The council is composed of a president, two vice-presidents, a treasurer and five members.
|President||Dr. Raffaele Chiulli||Italy||International Powerboating Federation|
|Vice-President||Mr. Stephan Fox||Germany/ Australia||International Federation of Muaythai Amateur|
|Treasurer||Mrs. Marisol Casado||Spain||International Triathlon Union|
|Council Members||Mr. Gian-Franco Kasper||Switzerland||International Ski Federation|
|Mr. Riccardo Fraccari||Italy||World Baseball Softball Confederation|
|Ms. Kate Caithness||Scotland/ United Kingdom||World Curling Federation|
|Mr. Nenad Lalović||Serbia||United World Wrestling|
|Mr. José Perurena López||Spain||International Canoe Federation|
Mission and values
GAISF is the umbrella organisation for both Olympic and non-Olympic international sports federations, as well as organisers of international sporting events. In this role it provides expertise in, for example, anti-doping, integrity and social responsibility. By establishing multi-sports games that group together similar sports, GAISF aims to promote the members and the members' visibility.
Member international federations can be either full or associate members of GAISF.
GAISF is deeply rooted in the sports movement. As early as 1921, international sports federations (IFs) expressed the need for a representative of their common objectives and interests. Under the direction of Paul Rousseau, Secretary General of the Union Cycliste Internationale (UCI), a permanent bureau of the IFs was established to facilitate dialogue with the Olympic authorities.
In 1967, 26 international sports federations met in Lausanne, agreed on the need to increase permanent liaisons, and adopted the name, “General Assembly of International Sports Federations”. In order to establish a more formalised organisation, the “General Association of International Sports Federations" (GAISF) was formed in 1976, and the headquarters were moved to Monaco two years later.
The new millennium brought important changes to the organisation.

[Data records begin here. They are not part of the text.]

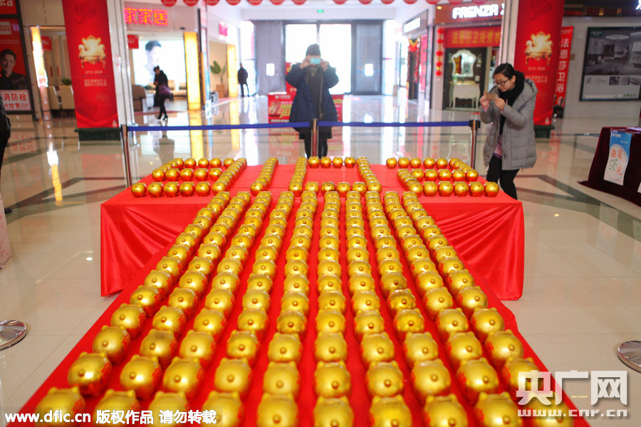 山东滨州一商家688个金猪“摆阵”迎接元旦
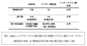 コサヘキサエン酸の添加で雄の生殖機能は正常に戻るが、アラキドン酸添加の効果はドコサヘキ
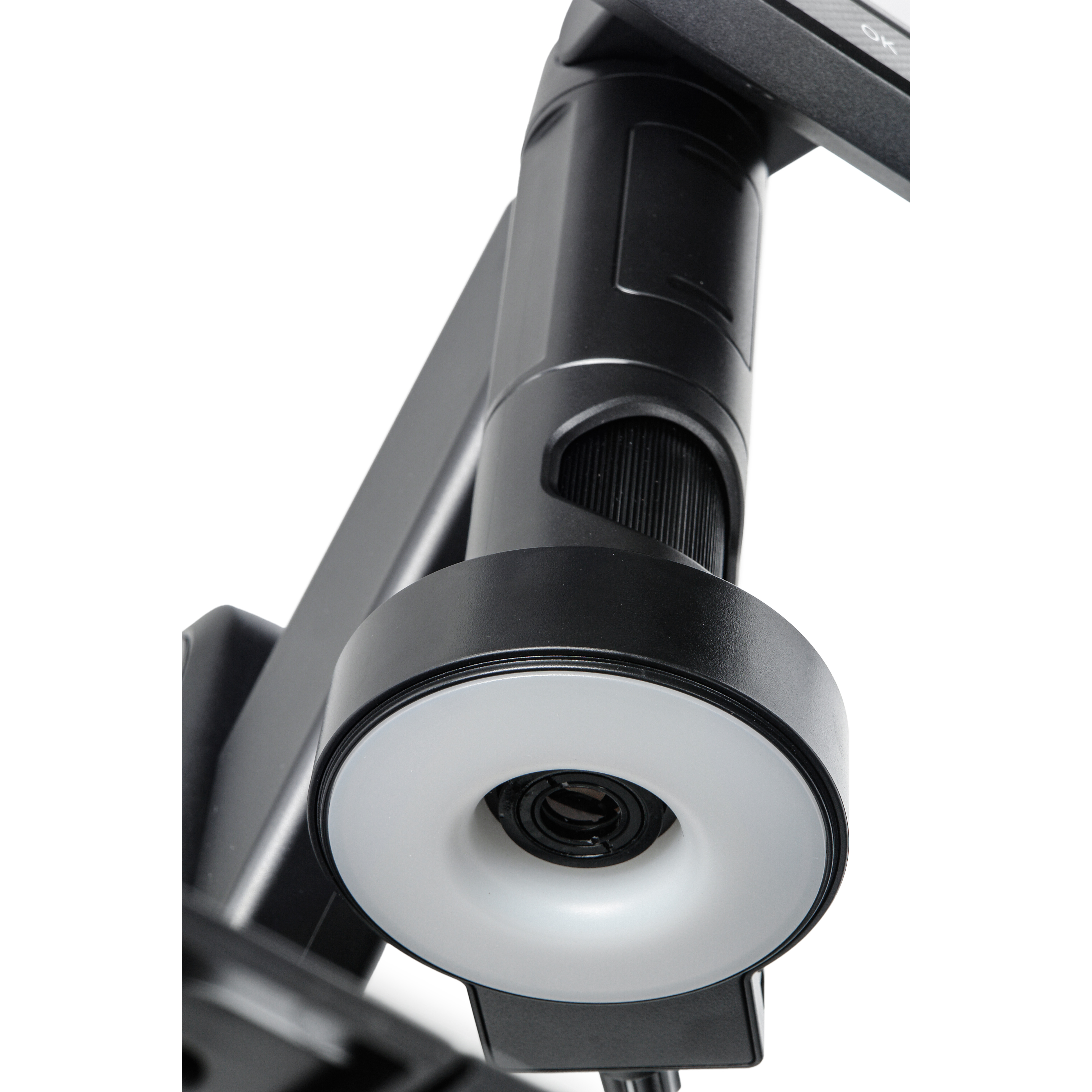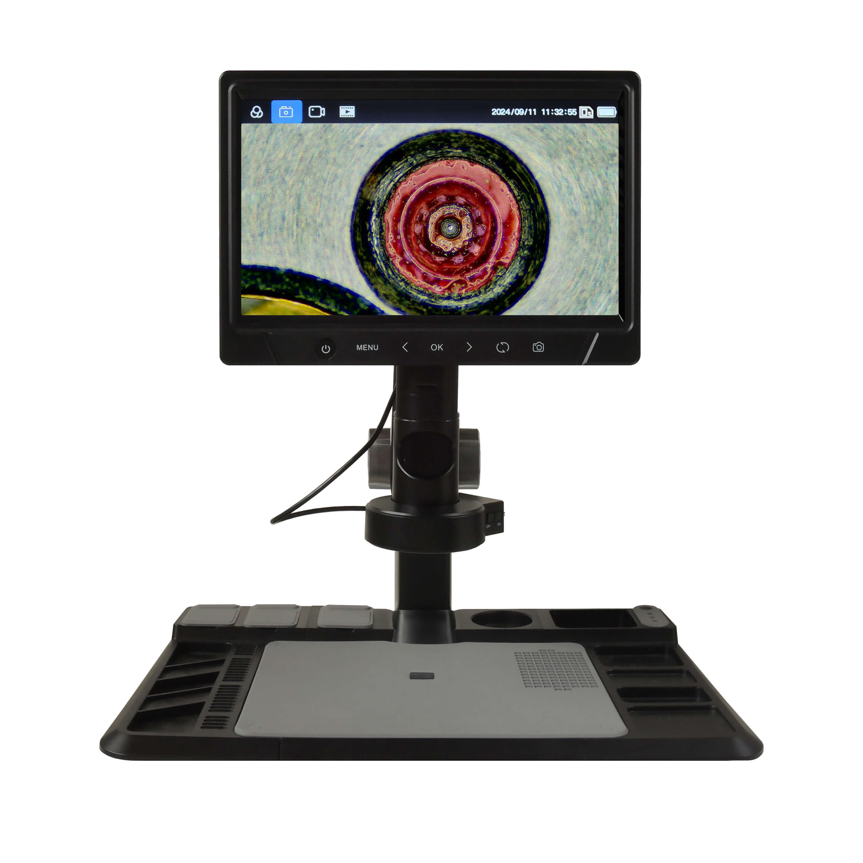 В микроскопе используется монитор формата 16:9 с диагональю 10.1 дюймов на IPS матрице с разрешением 1024х600 точек. Применение жидкокристаллической матрицы c технологией IPS позволяет наблюдать отчетливое изображение с углами обзора до 170 град. без затемнения, что позволяет участвовать в исследованиях нескольким лицам и проводить наблюдения с комфортом и без чрезмерного напряжения. Монитор обеспечивает высокую яркость, контрастность и точное воспроизведение цветов изображения. На корпусе монитора расположены кнопки всех основных настроек, слот для карты памяти и интерфейсы USB2.0 и USB Type С.
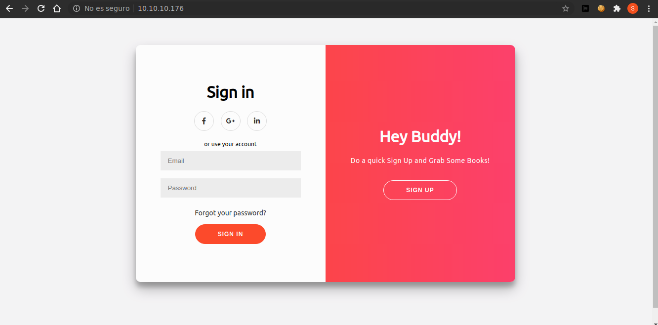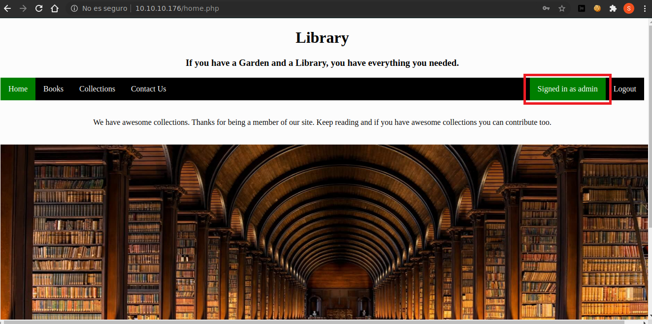 Intenté entrar con la combinación admin:admin entre otras pero ninguna dió resultado. Ya que hay una opción para ello, me registré y accedí a la biblioteca.
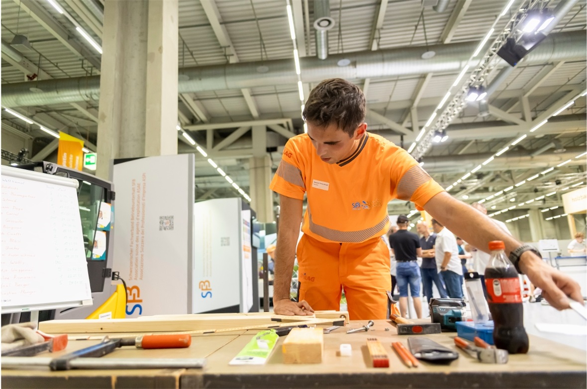 Siegerehrung der Zimmermänner: Bundesrat Guy Parmelin gratuliert Jules Honoré (Silber), Silvan Aeschlimann (Gold) und Luca Wissler (Bronze).
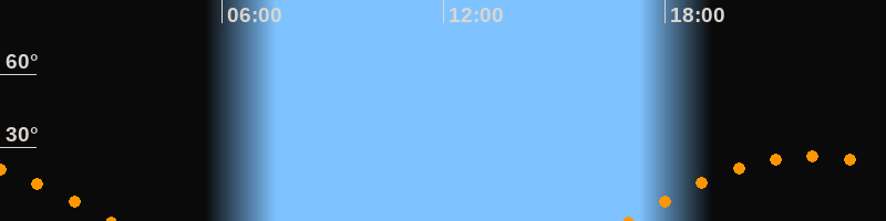 Höchster Stand (Kulmination)21:56 Uhr (h = 26,5°)
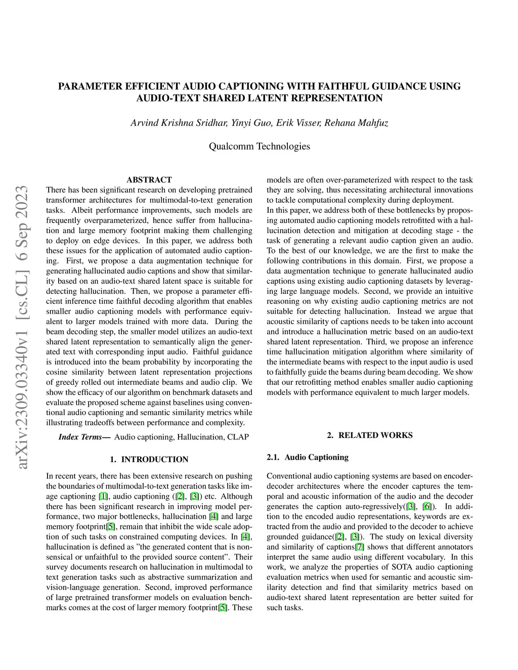 There has been significant research on developing pretrained transformer architectures for multimodal-to-text generation tasks. Albeit performance improvements, such models are frequently overparameterized, hence suffer from hallucination and large memory footprint making them challenging to deploy on edge devices. In this paper, we address both these issues for the application of automated audio captioning. First, we propose a data augmentation technique for generating hallucinated audio captions and show that similarity based on an audio-text shared latent space is suitable for detecting hallucination. Then, we propose a parameter efficient inference time faithful decoding algorithm that enables smaller audio captioning models with performance equivalent to larger models trained with more data. During the beam decoding step, the smaller model utilizes an audio-text shared latent representation to semantically align the generated text with corresponding input audio. Faithful guidance is introduced into the beam probability by incorporating the cosine similarity between latent representation projections of greedy rolled out intermediate beams and audio clip. We show the efficacy of our algorithm on benchmark datasets and evaluate the proposed scheme against baselines using conventional audio captioning and semantic similarity metrics while illustrating tradeoffs between performance and complexity.
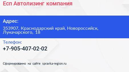 Есп Автолизинг, компания по адресу 353907, Краснодарский край, Новороссийск, Луначарского, 18 в дальнейшем Организация, размещена в следующих категориях:
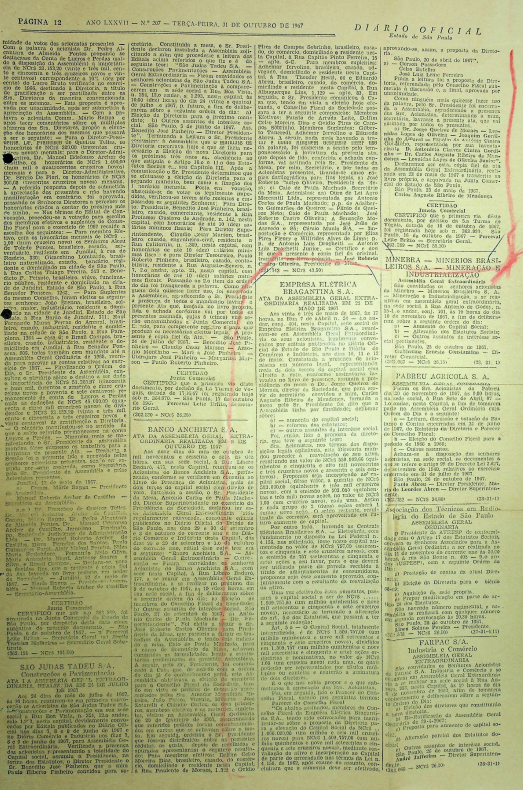 Documentos referentes à Assembleia Geral Extraordinária da Empresa Elétrica de Bragantina - EEB, realizada em 23 de maio de 1967, tendo como ordem do dia o aumento do capital social, reforma do estatuto e outros assuntos de interesse da empresa.
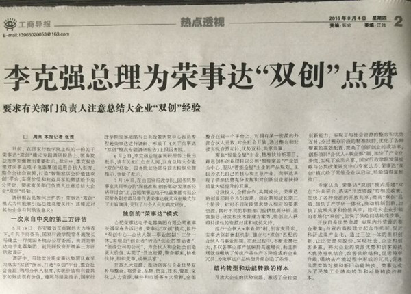 - 李克強總理為榮事達“雙創(chuàng)”點贊
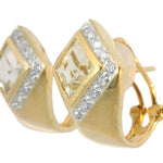 These fabulous 14K white gold diamond aquamarine earrings offer a stunning combination of brilliance and vibrant color. Each earring features 32 round single-cut diamonds, totaling 0.20 carats, which beautifully frame two princess-cut aquamarines. The aquamarines add a cool, refreshing hue, perfectly complementing the sparkling diamonds. Measuring 7/8 inch long by 5/8 inch wide, these earrings make a bold yet elegant statement, adding sophistication to any occasion. The pair weighs 7.1 grams, offering a comfortable fit and high-quality craftsmanship.
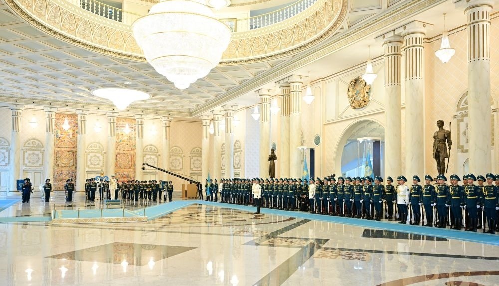 當(dāng)?shù)貢r(shí)間3日,國(guó)家主席習(xí)近平在阿斯塔納出席哈薩克斯坦總統(tǒng)托卡耶夫舉行的歡迎儀式。
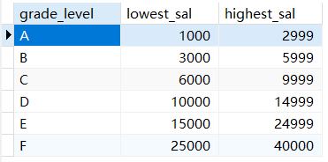 這里涉及 job_grades 表,通過查詢可知,每個薪水都有其相應的等級區間。
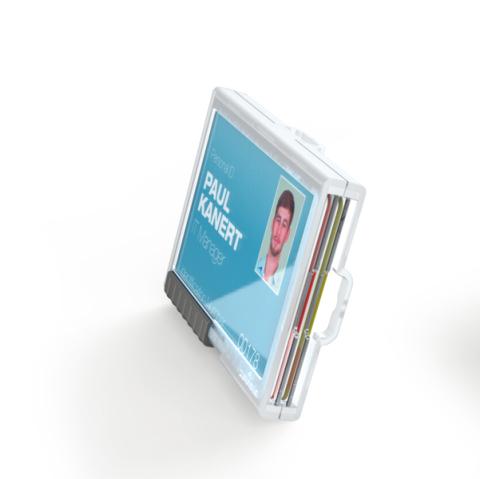 Descrizione / dati tecnici: Elegante portabadge con comparti separati per contenere e proteggere fino a 2 tessere formato 54x87mm. Utilizzabile sia in posizione orizzontale sia verticale. Perfetto per proteggere tessere con chip RFID e con banda magnetica. Levette scorrevoli per una facile espulsione delle tessere. In plastica trasparente crystal-clear di alta qualità.
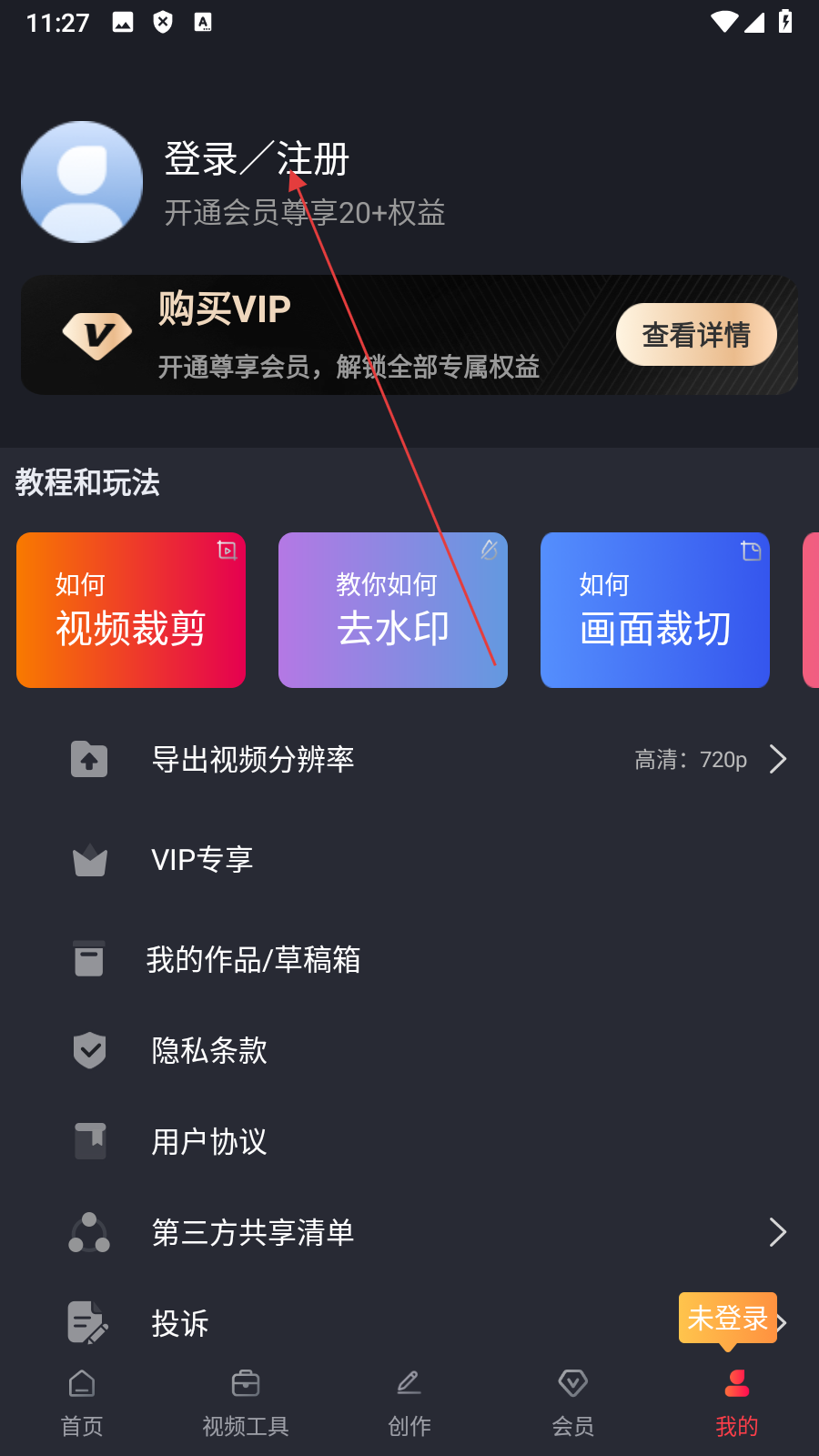 2、在个人页面点击【登录/注册】,进入账号登录选择页面。

Reacting to the increasing pressure on IFs to professionalise and develop, GAISF, in collaboration with the Associations of Summer and Winter Olympic International Federations (ASOIF and AIOWF), launched the first SportAccord International Convention in 2003. This new format “by sport for sport” allowed IFs and sports business to get together, share knowledge and network.
In March 2009, GAISF was rebranded SportAccord and, in the same year, its offices moved from Monaco to Lausanne, the Olympic capital. SportAccord adopted the motto "Unite & Support" with the aim to serve and promote its members. Its ambition is to provide high-quality services and expertise in areas that are of most importance to its members.
In April 2017, following the former president Marius Vizer's controversial attack against IOC president Thomas Bach during the opening SportAccord's 2015 convention in Sochi and his subsequent resignation, the organisation rebranded back to GAISF under its new president Patrick Baumann.
In May 2019, Raffaele Chiulli was unanimously elected as GAISF President in Gold Coast, Australia
As early as 1921, under the direction of Paul Rousseau, Secretary General of the “Union Cycliste Internationale”, a permanent bureau of the international sports federations (IFs) was created. With regular IFs/IOC meetings taking place, dialogue with the Olympic authorities became easier. However, organisations that were not part of the Olympic movement were excluded.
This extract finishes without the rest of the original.